И она указывала рукой на вереницу высоких кипарисов, которые, точно темно-зеленые обелиски, поднимались над окружающей растительностью, скрывавшей совсем иной мир, мир дощатых бараков, где ютились негры-рабы; время от времени оттуда доносился грохот барабанов, напоминая дробный стук приближающегося града.
– Я им сочувствую не меньше, чем ты, – отвечал Эстебан. – Но только мы не в силах изменить ход вещей. Ведь это уже пытались сделать другие, наделенные полнотой власти, но даже их попытка потерпела неудачу…
Под вечер 24 декабря, когда некоторые из гостей спешно заканчивали приготовления к рождеству, а другие то и дело забегали на кухню, чтобы посмотреть, хорошо ли подрумянились индейки, и вдохнуть аппетитный дымок, поднимавшийся над праздничными соусами, София и Эстебан отправились к массивным чугунным воротам поместья, чтобы встретить Карлоса и Хорхе, которые должны были вскоре приехать. Внезапный ливень заставил их укрыться в одной из итальянских беседок, пламеневшей полураскрытыми цветами молочая. От влажной земли шел терпкий аромат, осыпавшиеся на дорожки листья издавали нежный прощальный запах.
– Дождь миновал, перестал; цветы показались на земле; время пения настало, – прошептал Эстебан, припомнив строки из Библии, прочитанные им еще в годы отрочества.

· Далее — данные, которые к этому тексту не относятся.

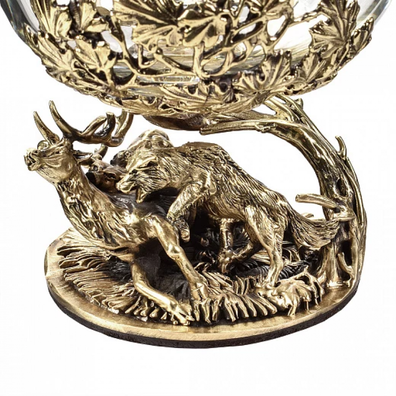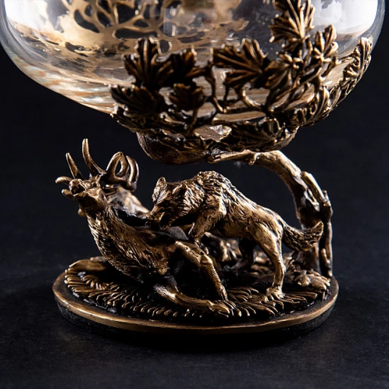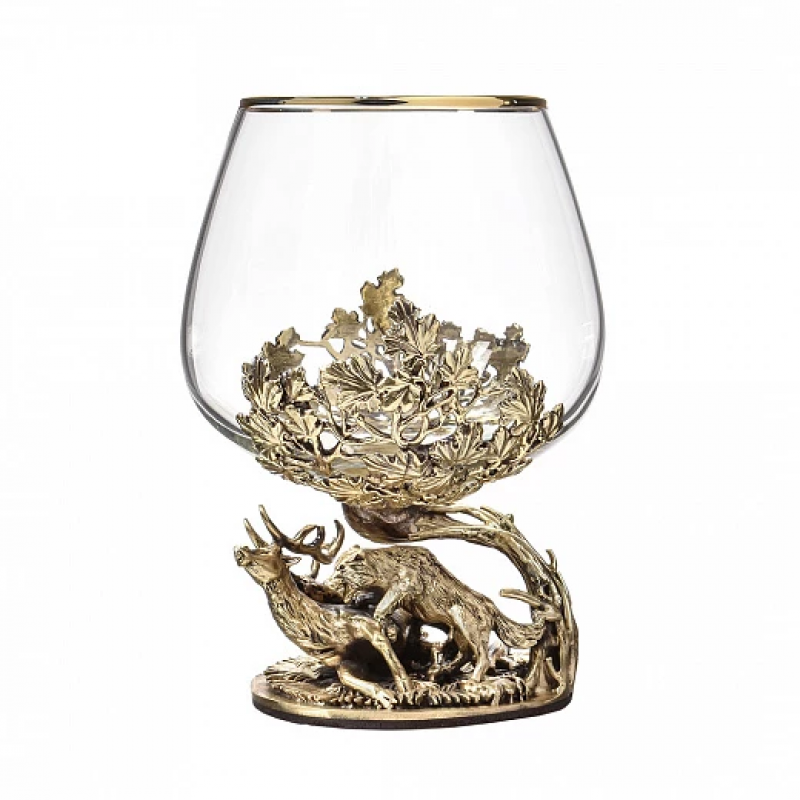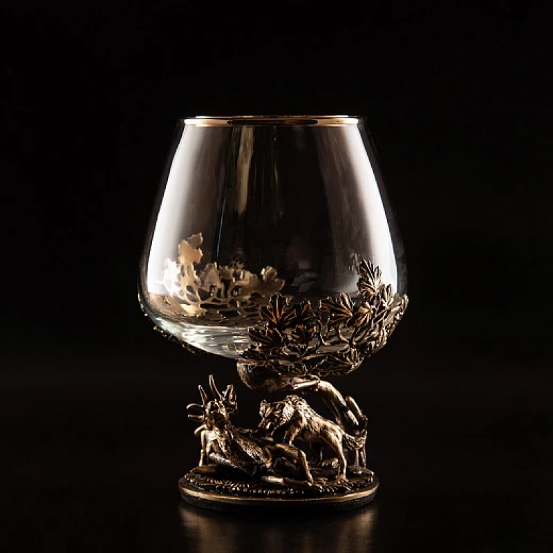 Бокал: стекло с декорированием, патинированная латунь, ручная работа.

И тут на него нашло какое-то помрачение. Неожиданное открытие наполнило его ликованием, он почувствовал, что наконец-то обрел себя, что для него как бы пробил час искупления. «Теперь ты все понимаешь. Ныне ты знаешь, что зрело в твоей душе столько лет. Ты созерцаешь ее лицо и понимаешь единственное, что тебе надо было понять, – ты же вместо этого силился постичь истины, которые выше твоего разумения. Она – первая женщина, которую ты узнал, ее ты обнимал, как родную мать, – ведь матери ты никогда не видел. Она первая открыла тебе тайну чудесной женской ласки в те часы, когда бессонными ночами бодрствовала над твоим изголовьем, сочувствовала твоим страданиям и утишала их своею нежностью на заре. Она была тебе сестрой, она видела, как все больше мужает твое тело, – она наблюдала это, как могла бы наблюдать разве только несуществующая любовница, что росла бы вместе с тобой…» Эстебан припал головою к плечу Софии, которое, как ему чудилось, было его собственной плотью, и разразился столь безудержными рыданиями, что она на мгновение оцепенела, а потом привлекла его к себе, обняла и принялась целовать в лоб, в щеки. Но она тут же почувствовала, что его воспаленные, алчущие губы нетерпеливо ищут ее губ. Молодая женщина выпустила из рук лицо кузена, резко отстранилась и замерла, внимательно следя за всеми его движениями, как следят за малейшим движением врага. Эстебан не шевелился и только печально смотрел на нее, однако в глазах его пылал огонь страсти, и София, почувствовав, что на нее смотрят как на женщину, отпрянула. И тогда Эстебан заговорил: он говорил о том, что сам только сейчас понял, сам только сейчас открыл в себе. Голос его стал неузнаваемым, он произносил какие-то неожиданные, немыслимые слова, но они не только не трогали Софию, но казались плоскими, пустыми, банальными. Она не знала, как поступить, что сказать, ей было неприятно выслушивать этот сбивчивый монолог, полный возмущавших ее признаний: он жаловался на то, что любовные связи не приносят ему радости, что его мечты никогда не сбываются, намекал, что, исходив бесплодную, иссохшую землю, он в глубине души все еще ждет, не поможет ли ему что-либо вновь обрести былое.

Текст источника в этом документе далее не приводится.